Electrically continuous variable transmission gear ratio hybrid powertrain lever analogy transmission

Introduction

The planetary gear sets, or epicyclic gear drives, are commonly used to transform torque and speed in many automotive, aerospace, and marine applications. For an example of automotive applications, most automatic transmissions utilize planetary gear sets for torque or speed multiplications. A typical planetary gear set consists of three components (carrier joining all planet gears, ring gear, and sun gear) and each of these three components can be used as the input, output, or kept stationary. Different gear ratios can be achieved by choosing each component to play a different role. In an automotive automatic transmission, clutches and brake are used to hold different components stationary and change the input and output, thus changing the transmission gear ratio for torque or speed multiplications. Compared to the conventional gearbox arrangement, the planetary gear set has many advantages, such as more options for generating ratios, compact space and weight reduction, higher efficiency, and higher load-carrying capacity.¹ The planetary gear set is also a mechanical power-split device for electrically continuous variable transmission (e-CVT or EVT) in the hybrid electric vehicle (HEV), such as Toyota Prius^2,3 and Chevrolet Volt.⁴

The automotive transmission analysis involves the task of conceptualizing configuration of planetary gear sets, constrained interconnections, clutched interconnections, and input–output connections to achieve a desired set of input–output ratios. A practical method to analyze planetary gear sets is lever analogy that was introduced in 1981.⁵ The lever analogy is an analytical method that converts the rotational elements of a planetary gear (carrier, sun, and ring gear) into one single vertical lever. The nodes on the lever represent the elements of planetary gear. The input, output, and reaction speeds and torques are represented by horizontal vectors (forces) applied to the lever.⁶ Therefore, the relative rotational speeds of ring, carrier, and sun can be computed by treating rotational speeds as forces acting on the lever nodes, and taking moments about appropriate nodes on the lever. Any 1-degree-of-freedom planetary gear train can be reduced into a single lever to allow easy calculation of torques and speeds. Because the lever analogy is useful and simple representation of driveline kinematic arrangement, it is widely used to analyze automotive automatic transmission, including EVTs. Ahn et al.⁷ used lever analogy to determine kinematical maximum speed in performance analysis of a dual-mode EVT. Using the lever analogy, the power flow analysis of series-split EVT in a plug-in hybrid vehicle was performed by Ma et al.⁸ S Hong et al.⁹ applied lever analogy to derive speed and torque equations in a dual-mode power-split EVT for mode shift analysis. In a proposed multi-mode transmission with single electric machine,¹⁰ the lever analogy was used to analyze transient torques from different power sources.
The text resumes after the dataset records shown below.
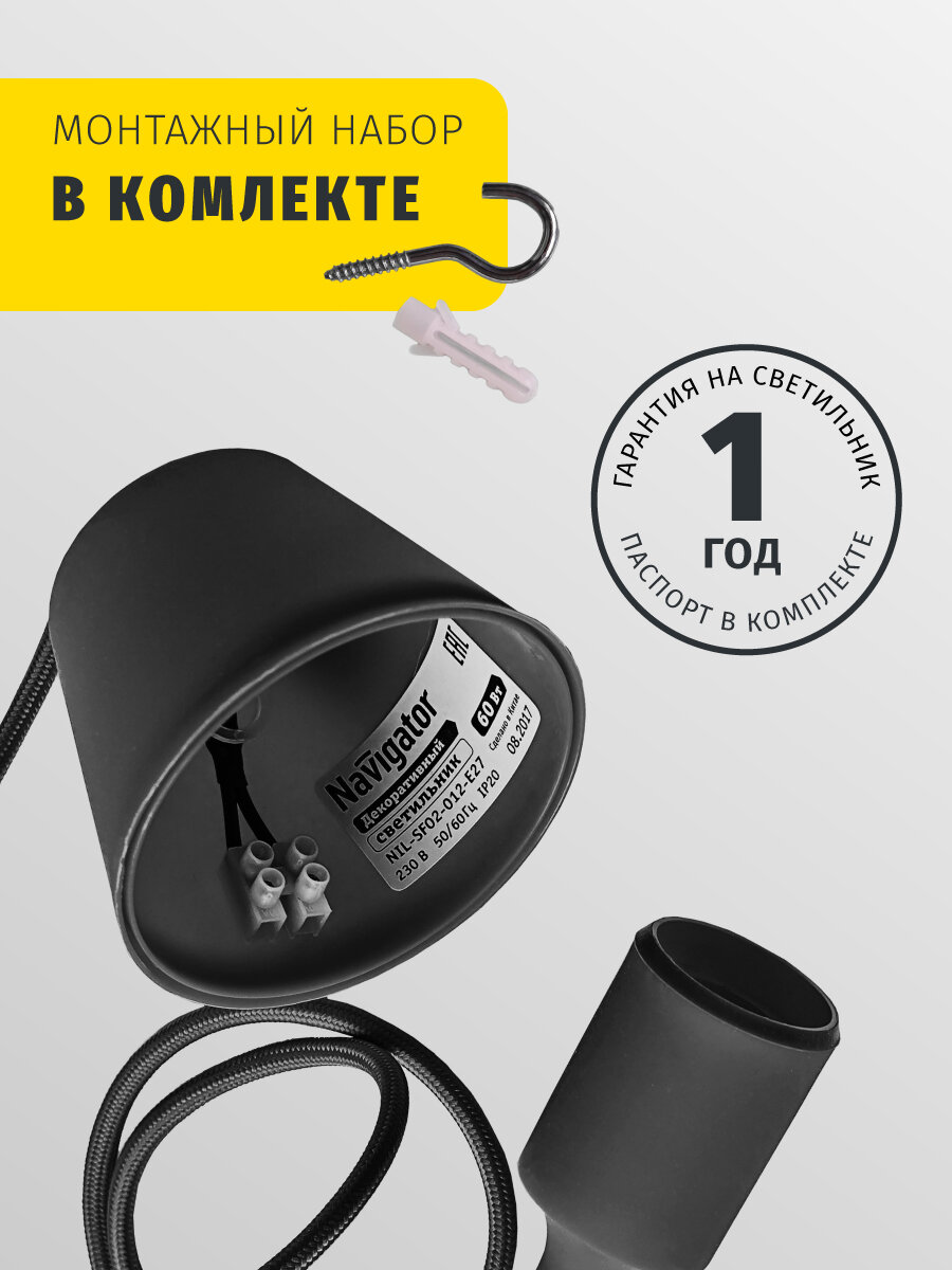 Потолочный светильник Navigator 61 523 NIL-SF02 шнур с патроном, цоколь Е27, черный
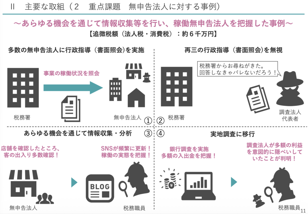 【事例:SNSと銀行口座から見つかった無申告法人】 ある法人に対して、税務署は事業を行っているか確認するために書面で問い合わせをしましたが、何度も無視されました。そこで調査官は、実地調査に切り替え、様々な情報を収集しました。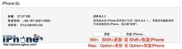 4、然後按住鍵盤上的Shift(Option),同時鼠標點擊iTunes界面的【更新】或者【恢復】按鈕,再選擇對應版本的iOS8.4固件進行升級。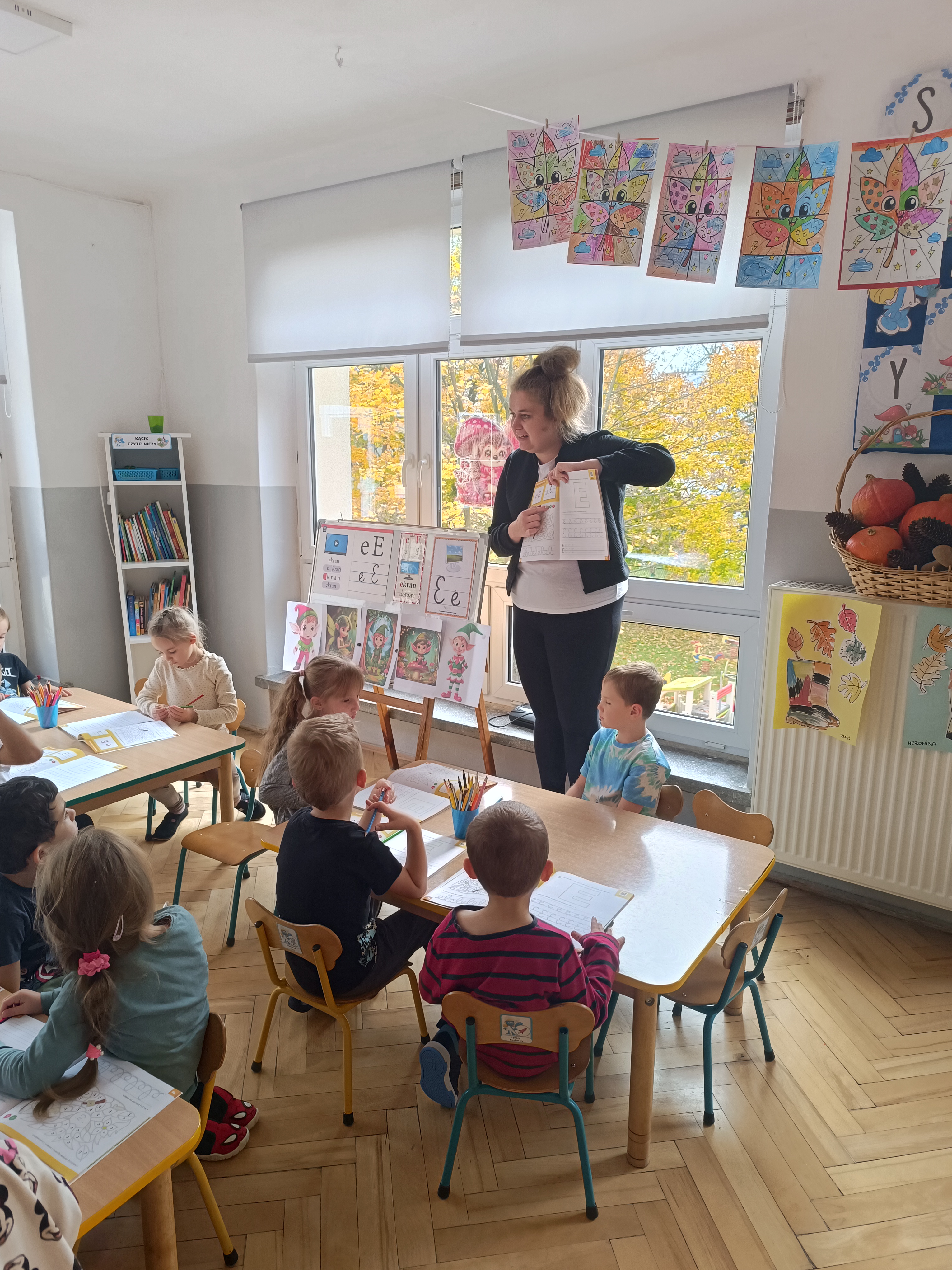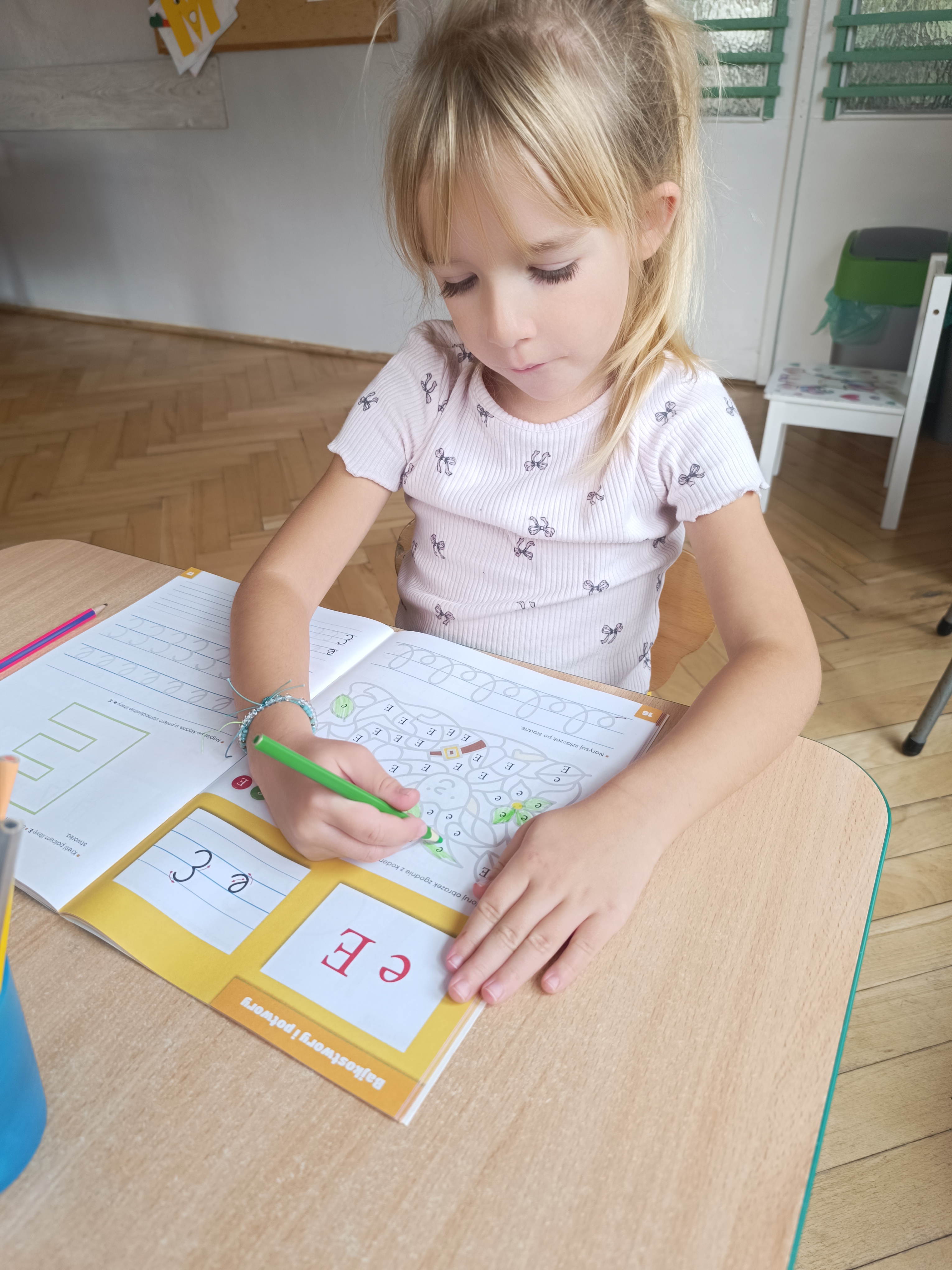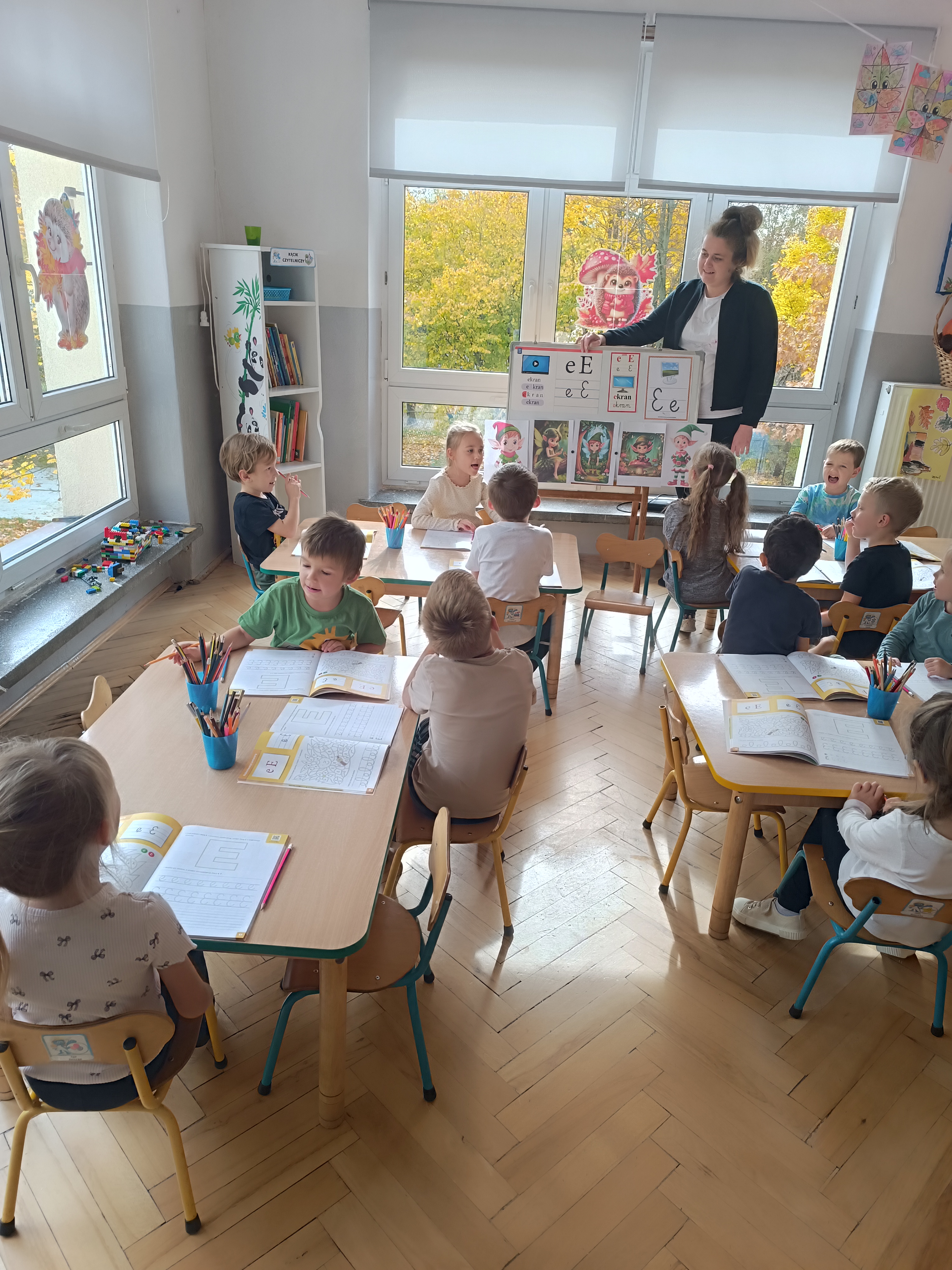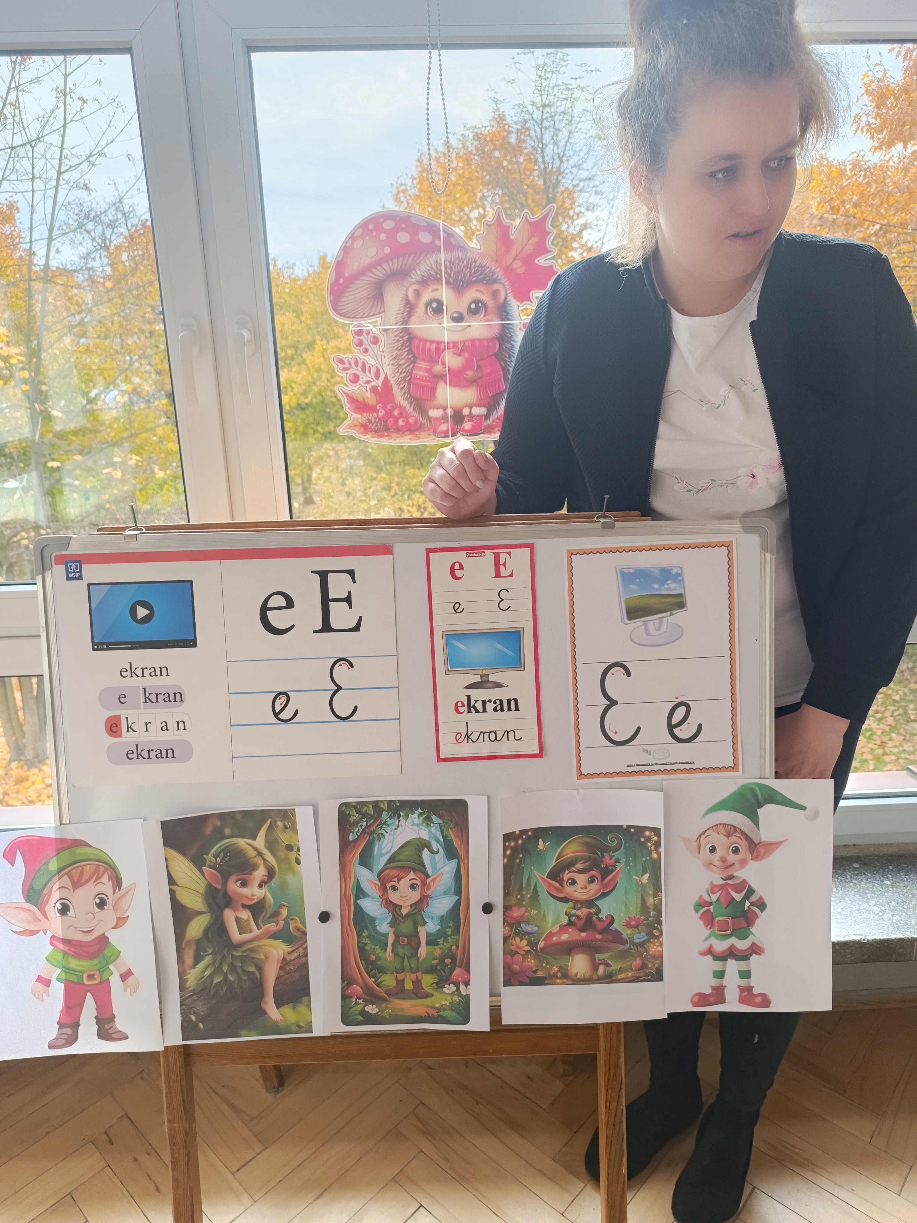 W tym tygodniu również poznaliśmy literkę drukowaną oraz pisaną - E, e - " E jak elf", dzieliliśmy na sylaby, uczestniczyliśmy w ćwiczeniach fonacyjnych i układaliśmy schemat słowa ELF z kartoników, wyodrębniając pierwszą głoskę.

The classical lever analogy provides an easy way to study the kinematics and determine the power flow of three- or four-speed automatic transmissions. However when analyzing transmissions which contain three or more planetary gear sets (such as five-, six-, seven-, or eight-speed automatic transmission and EVT), the classical approach becomes very complex and not easy to use. This article presents a systematical approach of an improved lever analogy method to simplify the analysis. The six-speed automatic transmission and several EVTs are discussed as examples to show how to determine the speed and torque ratios using the method. The same method can be used to analyze and optimize the speed and torque ratios of any transmissions.

Overview of lever analogy method

The procedures of establishing a lever analogy system for planetary gear sets were presented in Liao⁶ as (1) replace each gear set by a vertical lever; (2) rescale, interconnect, and/or combine levers according to the gear sets’ interconnections; and (3) identify the links of the levers according to the gear sets’ connections. The teeth numbers on the sun and ring gears determine the lever proportional lengths. The layout of a single planetary gear set and its free body diagram is shown Figure 1, where N, r, T, and w represent the teeth number, radius, torque, and angular velocity of gear, respectively.^6,11 The subscripts p, pc, s, and r are for planet, planet carrier, sun, and ring gears, respectively. Equation (4) illustrates the torque ratio between sun and ring gears based on equations (1)–(3)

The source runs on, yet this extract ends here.